When Unit 1 is experiencing TR or CR, Unit 2 will be decided whether to execute OR. Here, the time to execute TR/CR is no less than that of OR, and thus, we omit OR execution time. Notably, when maintenance action is determined at

T_{n}

, the subsequent decision point

T_{n + 1}

is the maintenance completion time, as graphically represented in Figure 2. Thus, the expected sojourn time when only Unit 1 is correctively or preventively repaired is equal to

τ_{(i, k, a)} (2, 0) = τ_{(i, k, b)} (2, 3) = T_{p_{1}},

(14)

and

τ_{(F_{1}, k, a)} (1, 0) = τ_{(F_{1}, k, a)} (1, 3) = T_{c 1} .

(15)

c.: Only Unit 2 is replaced

Analogously, when DR or OR is executed on Unit 2, we will determine whether to execute OR on Unit 1. The expected sojourn time with respect to such a case is given by

τ_{(i, k, b)} (0, 2) = τ_{(i, k, b)} (3, 2) = T_{p 2},

(16)

and

τ_{(i, k, F_{2})} (0, 1) = τ_{(i, k, F_{2})} (3, 1) = T_{c 2} .

(17)

d.: Both components are replaced

It is possible for both units to undergo preventive replacement at an inspection, when (a) the degradation of Unit 1 is within

(U, D)

and TR is immediate, and (b) the accumulated age of Unit 2 has reached the postponement threshold, and replacement is immediate. In this case, the expected sojourn time is the maximum of these two preventive replacement times, i.e.,

τ_{(i, k, b)} (2, 2) = \max (T_{p 1}, T_{p 2}) .

(18)

Similarly, the expected sojourn time when both units are experiencing corrective replacement is

τ_{(F_{1}, k, F_{2})} (1, 1) = \max (T_{c 1}, T_{c 2}) .

(19)

The sojourn times when one unit experiences preventive replacement while the other experiences corrective replacement are given by

τ_{(i, k, F_{2})} (2, 1) = \max (T_{p 1}, T_{c 2}),

(20)

and

τ_{(F_{1}, k, b)} (1, 2) = \max (T_{c 1}, T_{p 2}) .

(21)

4.5. Expected Cost

The maintenance cost arises due to the execution of inspections as well as replacements.
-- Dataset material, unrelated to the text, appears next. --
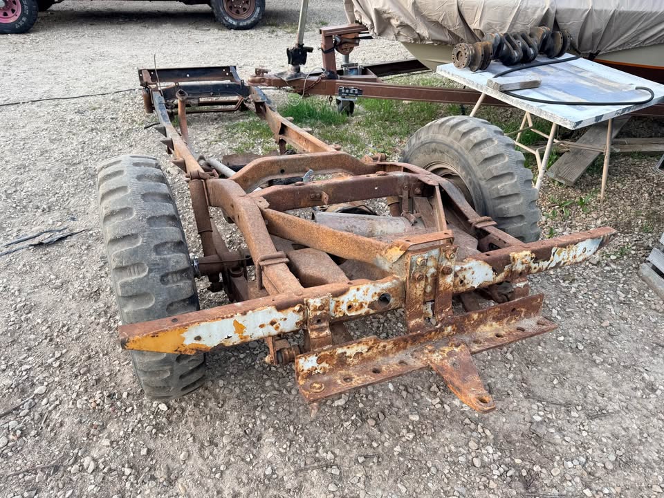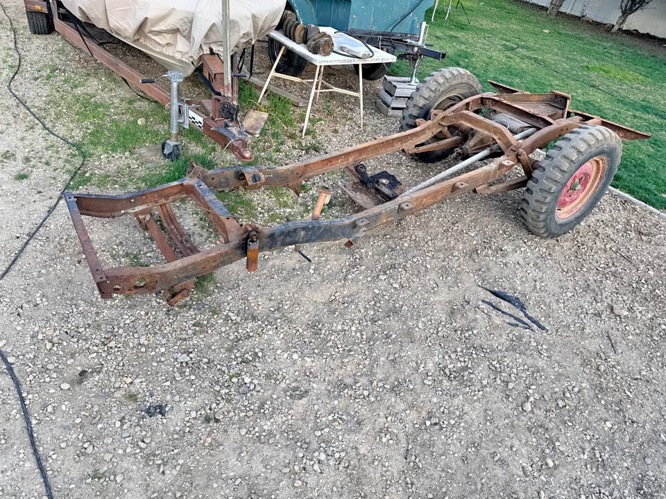 | Early Willys mid-50s CJ5/FC150 frame. Comes with rear axle (Dana 44) rear wheels/tires not included. |
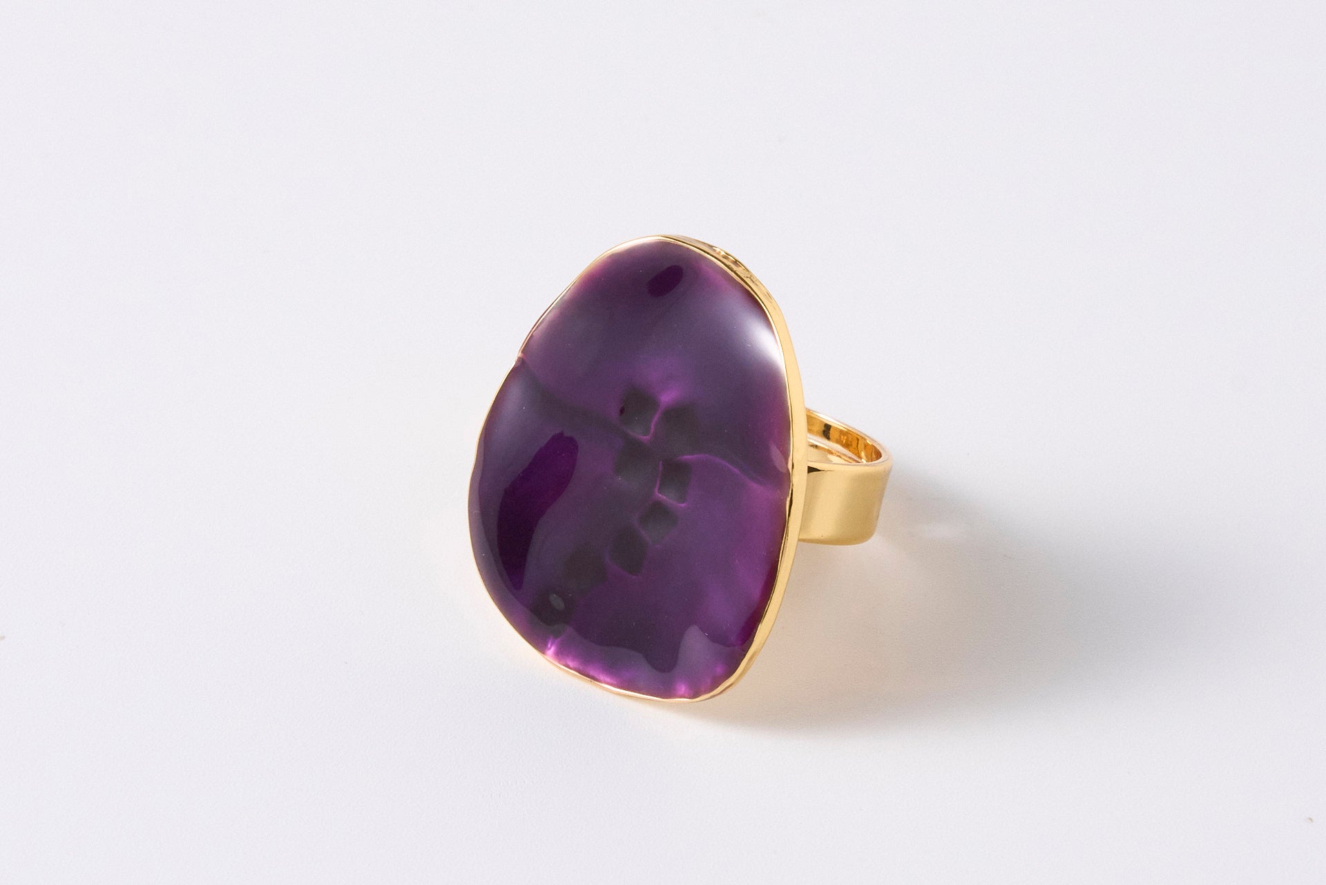 ブランドの人気定番商品でロングセラーでもある、カラフルなエナメル樹脂を使用した〈エマイユ〉シリーズからは、この秋の注目色シックなパープル、「VIOLET」が登場。

Let

C_{(i, k, a)} (A_{1}, A_{2})

denote the maintenance cost incurred starting from state

(i, k, a)

when action

(A_{1}, A_{2})

is taken. As mentioned in Section 3, the maintenance cost can be divided into several components, including inspection cost, corrective maintenance cost, preventive maintenance cost, and opportunistic maintenance cost. Analogous to Section 4.4, there are four scenarios that need to be discussed.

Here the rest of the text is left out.